The first time Olugbenga Olubanjo had access to round-the-clock electricity was the day he arrived in Canada, aged 24. Growing up in Ibadan, Nigeria’s third-largest city, Olubanjo was one of 70 million people in that country who get their power from intermittent sources like solar panels and generators. As an engineering student at the University of Toronto, he immediately saw the difference reliable electricity made to his ability to study and work. And it sparked an idea: create a long-lasting, portable and rechargeable power pack that could provide clean energy to communities back in Nigeria.
Olubanjo founded Reeddi in 2019. Its flashlight-sized lithium-ion power capsules are now available to rent for 50 cents a day at corner stores and solar-powered charging stations in Nigeria. Last year, the Reeddi power capsule was named one of the best 100 inventions of 2021 by Time. And Olubanjo has clearly now caught the entrepreneurial bug: with two University of Toronto classmates, he has started Fyyne, which connects clients with barbers and hairstylists who offer services for Black hair.
Here’s how Olubanjo channelled his life experiences into a business that gives back.
The elevator pitch: “We are making the future with our Reeddi capsule by providing clean, reliable and affordable electricity. We bridge the gap of possibilities to limitless and sustainable innovations.”
The “aha” moment: “I have family still in Nigeria and they complain about the existing energy solutions, such as generators and solar panels, which are often tied to a five-year contract. They’re also not mobile (solar panels come with a big battery box) and typically only provide direct current, making them less flexible for users. I was having a bath one day and looking at a bottle of liquid soap, thinking ‘if I can make something as easy as this…’ I thought of something mobile enough to move around easily and flexible enough to supply grid-like electricity. That idea was what eventually became the Reeddi capsule.”
Getting started: “I was studying civil engineering at the University of Toronto and started asking friends if my idea could work. I did a rough mock-up on paper and connected with a student in electrical and mechanical engineering for the design and development. Then we used the university’s 3D printers to create models. We showed them to potential customers in Nigeria and used their feedback to optimize the system design. We conducted a pilot in Nigeria to get the insight we needed about our technology and business model in our target market. By the time I finished school, we had a working prototype. From there, it took off.”
Preparing to go to market: “There was a lot of travelling back and forth to Nigeria. We did a lot of mapping using government reports and data on places where energy infrastructure doesn’t exist. We hired a team in Nigeria to carry out the partnerships for our charging stations and retail partners. At the same time, we like to know where consumers are coming from. We’ve interviewed over 200 individuals who lack steady access to electricity, and the capsules collect data during their daily use so we can continue to learn.”
Growth story: “In 2019, it was just me and one other person. Now, we have 20 staff members, including 15 full-time. We currently serve over 600 households and businesses every month across our products.”

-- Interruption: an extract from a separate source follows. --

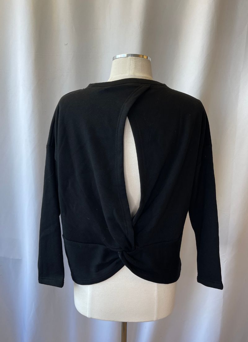 A super soft fleece lined sweater featuring a scoop neck and a twist feature at the back.
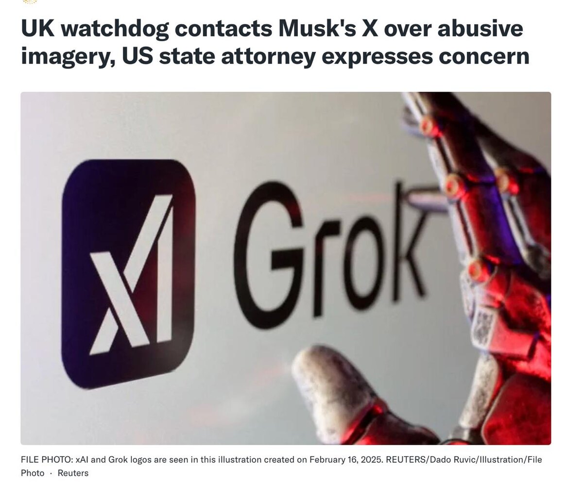 У премьер-министра Кира Стармера началась тряска. Он потребовал провести проверку Grok на предмет создания незаконного контента. В сети оказались провокационные сгенерированные изображения. Туманная судьба социальной сети на Туманном Альбионе. Ну а что — британцы сами согласились с Online Safety Act. В итоге сейчас в Великобритании полиция арестовывает в среднем около 30 человек в день за посты в социальных сетях. В Европе идёт проталкивание ChatControl, и скоро будет то же самое. Это называется «безопасность» по-европейски. Кстати, уже сейчас функцию ограничили. Оставили только для платных подписчиков, чтобы их можно было идентифицировать. Но на самом деле Кир Стармер просто обиделся на свои фото в бикини и клоунском парике. @lobushkin

How COVID-19 led to innovation: “It changed things a lot. I’m based in Toronto but when the pandemic hit Lagos, our office there shut down, which caused a lot of issues with renting the capsules at local corner stores. That led us to develop a virtual rental marketplace, TempOwn. It connects individuals and businesses with thousands of equipment-renting owners for things like Reeddi capsules, drones and more. We’re seeing a lot of industries adopt the platform, especially agriculture where people use it to rent out tractors. Our goal is to scale it across the world, but right now we are just operating in Nigeria.”
What you wish you’d known starting out: “I didn’t realize that entrepreneurship is a marathon, not a sprint. There was a time when we were trying to rush manufacturing and wasted around $15,000 on mistakes. We thought we could speed up the process, but optimization takes a while. You have to enjoy the successes and know that failures are part of the process.”
Advice you’re glad you ignored: “I’m a Black man and I have an accent, being from Nigeria. Early on, I was advised by someone (who was trying to help) to get someone else to pitch the business for me. I almost did, but — thankfully — it never worked out, because that would have been the end. That person wouldn’t have had the same enthusiasm as me. There’s no way anyone else can discuss your product the way you can.”
Best thing about starting a business in Toronto: “I love how multicultural it is. You get a lot of diverse ideas from so many talented people. And the University of Toronto has provided a lot of support.”
What’s next: “We’re trying to raise money and are applying for grants to optimize version 2 of the Reeddi. We also have a couple of exciting new innovations in the pipeline that are going to be released very soon. I’m very excited about how everything is evolving.”
The electronic device you can’t live without: “My laptop is so precious to me. I’ve been using it since I started the company and it’s taken me through a lot. I use it for drawings, modelling, programming, checking stock. It’s like my baby.”